Judge denies commissioners cases following recall petition

Senior District Judge Charles Thompson ruled to dismiss the defamation case filed by County Commissioner John Lampros while dismissing four of seven allegations filed by Commissioner Mike Lemich against Cheryl Noriega, James Adams and Timothy McGowan.

Noriega, Adams and McGowan filed a petition to recall against Lampros and Lemich earlier this year but failed to garner enough signatures before its October deadline passed. Thompson cited the anti-SLAPP statute (strategic lawsuit against public participation) in his ruling in both Lemich’s and Lampros’ defamation suit.

The statute defines a SLAPP lawsuit as a “meritless suit filed primarily to chill the defendant’s exercise of First Amendment Rights” from the case John v Douglas County School District. Under the statute, three types of good-faith communications made in furtherance of the right to petition remain protected:

1. Communication that is aimed at procuring any governmental or electoral action, result or outcome.

2. Communication of information or a complaint to a legislator, officer or employee of the Federal Government, this state or a political subdivision of this state, regarding a matter reasonably of concern to the respective governmental entity.

3. Written or oral statement made in direct connection with an issue under consideration by a legislative, executive or judicial body, or any other proceeding authorized by law, which is truthful or made without knowledge of its falsehood.

4. The defendants contended that all statements contained in the recall petition are true or, if false, were grounded upon good-faith.

Lampros filed his defamation case, stating the trio of individuals and the Ely Jet Center made “oral and written defamatory statements, which resulted in harm to his reputation in the community.”

In Thompson’s ruling in Lamrpos’ defamation case, Thompson said the defendants met their initial burden of production and persuasion that their communication was in good faith and in furtherance of their right to petition, shifting the burden of production to Lampros. Judge Thompson wrote in his decision that Lampros failed to prove his case.

“In the opinion of this court, the anti-SLAPP statute applies to the defendant’s communications, which were good-faith communications in furtherance of the right to free speech as defined by NRS 54.637. Plaintiff failed to meet his burden of production and persuasion.”

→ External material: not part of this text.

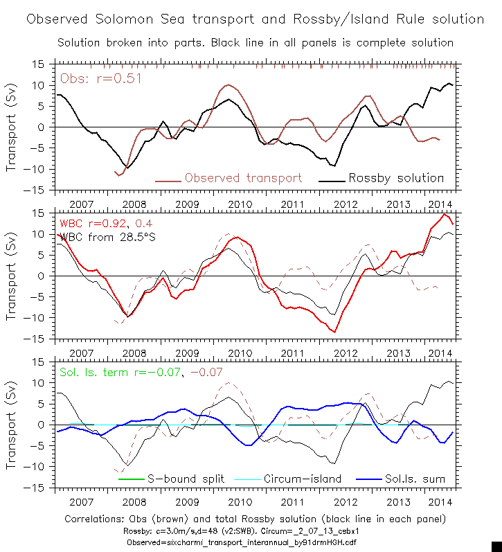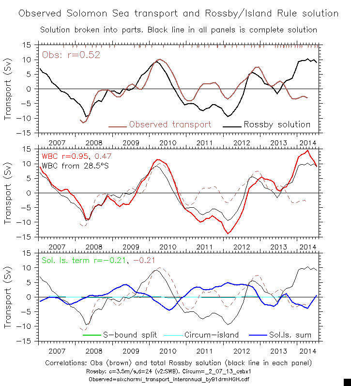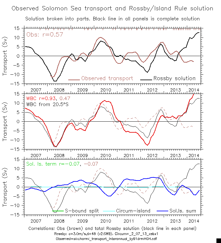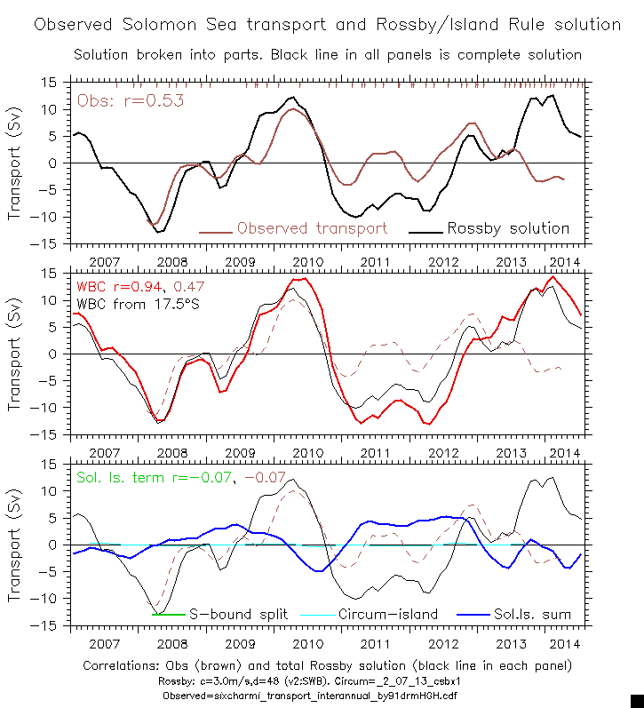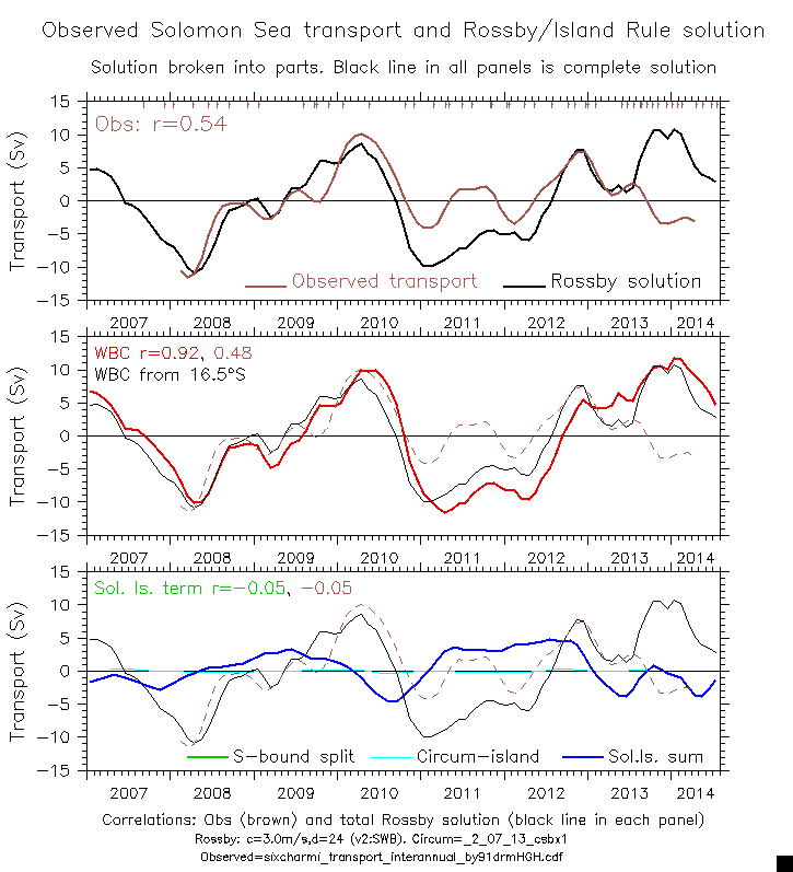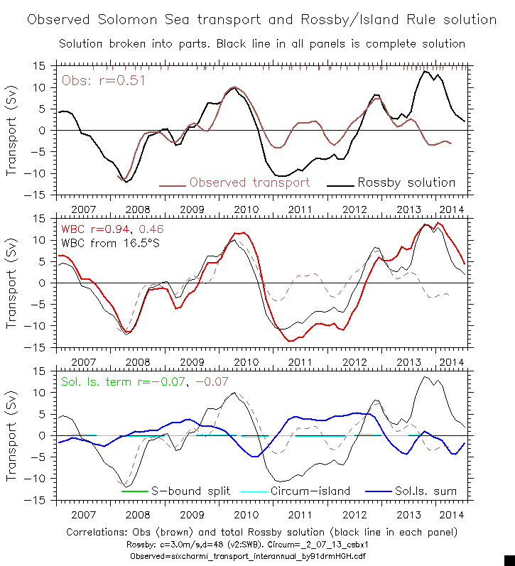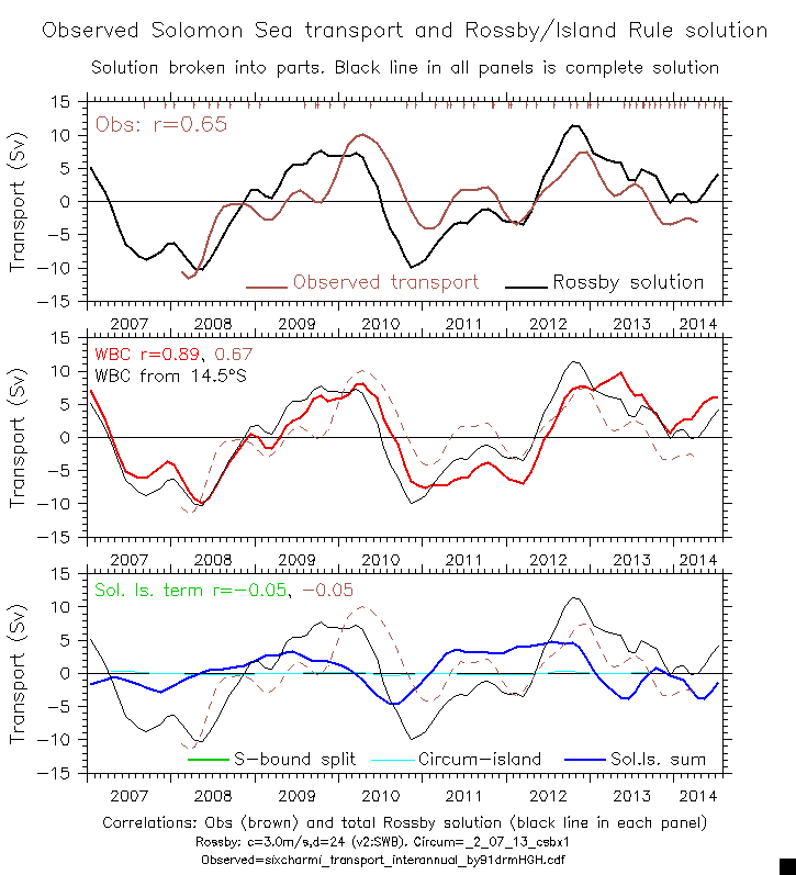 Solutions for the Rossby/TDIR Solomon Sea transport for different latitudes of zero southern boundary on the coast of Australia.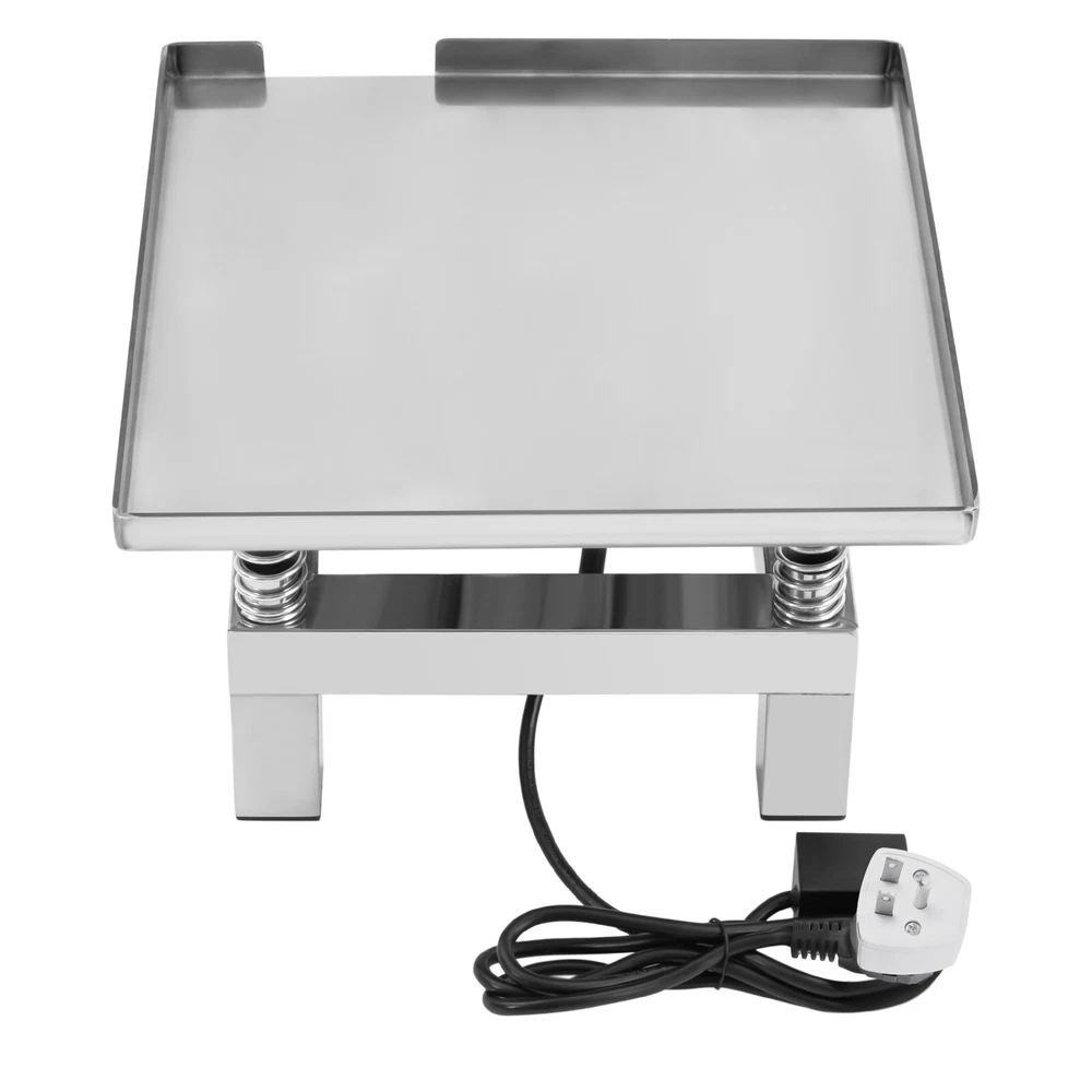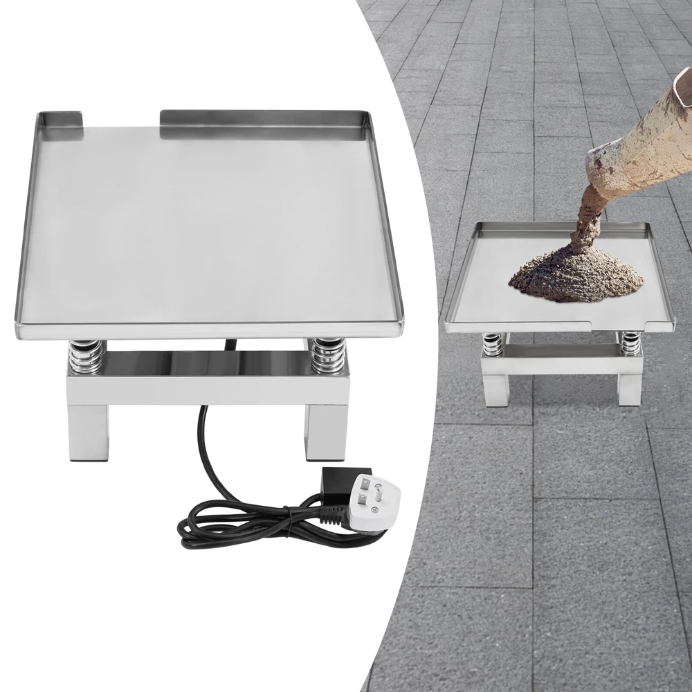 Concrete Vibrating Table, Vibration Platform, Vibration Table Description Description With its compact dimensions, high performance, and reliability, this concrete vibrating table is highly sought after in the field of construction materials testing and is particularly suitable for making concrete test blocks where accuracy is required, such as strength test specimens. Its precise vibration frequency and even distribution of vibration forces ensure that air bubbles are effectively removed from the concrete mixture, thus improving the density and strength of the finished product. Key Features Durable and Sturdy: The main structure is made of high-quality stainless steel, which is not easy to rust, corrosion, and deformation, to ensure stability and durability under long-term use. Large Capacity: The sturdy structure and four load-bearing springs allow it to hold more concrete at one time (about 22.05 lbs), which effectively reduces your working time and the number of operations. High-efficiency Vibration: Driven by a high-performance all-copper-wire motor, it can provide stable and powerful vibration (3000-3600rpm), accelerating the concrete compacting process, reducing air bubbles, and improving the quality of products. Easy to Clean: The platform surface is smooth and seamless, which is easy to clean quickly to avoid concrete residue and keep the working environment neat and hygienic. Easy to Operate: The product has a simple structure and does not require complex operating procedures, so even newcomers can get started quickly. Ease of Movement: Compact size (13.78*13.78*8.66in) makes it easy to move around the lab or construction site, providing high flexibility of use. Ready to Use: The integrated design makes it easy for you to plug it in and use it as soon as you get it, so you don't have to do any additional installation. Customer Service: We aim to provide quality products and services. If you have any problems, please feel free to contact us. We will reply and solve the problem for you as soon as possible. Details Raised Baffle: 0.98in baffle prevents spills and leaks during concrete vibration. High-quality Springs: They help to remove air bubbles inside the concrete faster and improve the compactness and uniformity of the concrete. Smooth Edges: The smooth and burr-free edges enhance the beauty of the product and better care for your skin when installing and cleaning it. Application It can be used for mold vibration molding, increasing the firmness of concrete, shaking the settling liquid, mold filling, durability test experiments and so on. Specification Material: Stainless Steel Motor Type: All-copper Wire Motor Color: Silver Shape: Rectangular Mount Type: Tabletop Mount, Countertop Assembly Required: No Number of Springs: 4 Power: 50W Plug Type: US Standard Power Source: Corded Input: 110V Maximum Load: About 10kg/22.05lbs Vibration Frequency: 3000-3600 rpm Amplitude: 1-2mm/0.04-0.08in Baffle Height: 2.5cm/0.98in Product Size: 35*35*22cm/13.78*13.78*8.66 in Package Size: 38*38*25cm/14.96*14.96*9.84in Net Weight: 6.5kg/14.33 lbs Gross Weight: 8kg/17.64 lbs Package Included 1* Concrete Vibrating Table Notes Please check the style and size before purchasing. Please do not put it on tiles or slippery floors. To ensure better use, you can prepare silicone pads(not included) under it or put it on a tabletop with better friction. It's normal to work hot, please do not put it to work in a very hot place. Please allow the slight color difference caused by the shooting light and 1-3cm error due to manual measurement and make sure you do not mind before ordering. Description Payment Delivery details Terms of sales About us Contact us Payment We accept ebay payment 。 Fees such as import duties, taxes are not included in the item price or shipping costs. These charges are the buyer's responsibility. Delivery details Shipping: 2-9 working days to: USA Terms of sales We maintain high standards of excellence and strive for hundred percent customer satisfaction. Feedback is very important to us. We hope that you contact us immediately before you give neutral or negative feedback, so that we can address your concerns. It is impossible to address issues if we do not know about them! About us Your satis faction is our ultimate goal. We work hard to earn your trust and future business. Our certified technicians have tested each item before shipping. The unit comes with 1 year limited warranty on all manufacturing defects. a) If you receive a defective item, you may return it or ask for a discount. Please contact us within 14 days after you receive the package. b) What you returned must be intact and in its original packaging as re? u. Customer is responsible for shipping costs of the returned item. c) We will cover the cost of shipping back t with the shipping rate indicated in the registration page. We will send you a new unit or refund the full payment you paid. Thank you. Contact us Business Hour Business Hour: Monday To Friday: 8:30 AM to 5:00 PM (Beijing China time) Due to time zones, our reply to your questions may not be immediately. But within above working time, we will reply your email within 24 hours. If it's non-workdays, please kindly be patient and wait till Monday. Please contact us with ebay message. Please feel free to contact us if you have any questions. Monday To Friday: 8:30 AM to 5:00 PM (Beijing China time) Due to time zones, our reply to your questions may not be immediately. But within above working time, we will reply your email within 24 hours. If it's non-workdays, please kindly be patient and wait till Monday. Please contact us with ebay message. Please feel free to contact us if you have any questions. Feature 2 Special Fashion Design shipping notice Can not ship to Puerto Rico,Alaska/Hawaii 1.Feature* Unique Appearance,Great Durability 2.Feature* Compact Design,Convenient Use 2.Highlight! Fast shipping~ 1.highlight High-quality product! Highlight^* High quality wi

In Lemich’s defamation case, Lemich contested that the defendants published “defamatory statements about plaintiff filing a notice of intent to recall Mike from his elected office as county commissioner that contained demonstrably false statements of fact, intending to impute criminal acts to Mike.”

Thompson dismissed Lemich’s defamation lawsuit against allegations that statements saying Lemich was responsible for a financial disaster in the White Pine County budget, that Lemich’s mismanagement was responsible for White Pine County’s financial difficulties, that Lemich intimidated and threatened citizens, which would be a crime if true and that Lemich was under investigation by law enforcement for theft…several state and local investigations, were false and defamatory. Thompson also dismissed Lemich’s defamation suit against allegations that he dismantled the County and Fire EMS,

Thompson denied motions to dismiss Lemich’s defamation suit against allegations stating that Lemich was under investigation theft…several state and local investigations, that Lemich negotiated land exchanges for the County when Lemich had a conflict and that Lemich had a personal vendetta against the private operator at the airport and members of the airport board and engaging in accusations, intimidation, lies and threats against both the operator and their customers.

Lemich had 20 days after receiving a copy of the filed order to file a Second Amended Complaint with allegations consistent with this decision. If filed, the defendants will then have 20 days to file an answer.

A copy of Judge Thompson’s ruling is available at the White Pine County Clerk’s office located on Campton Street.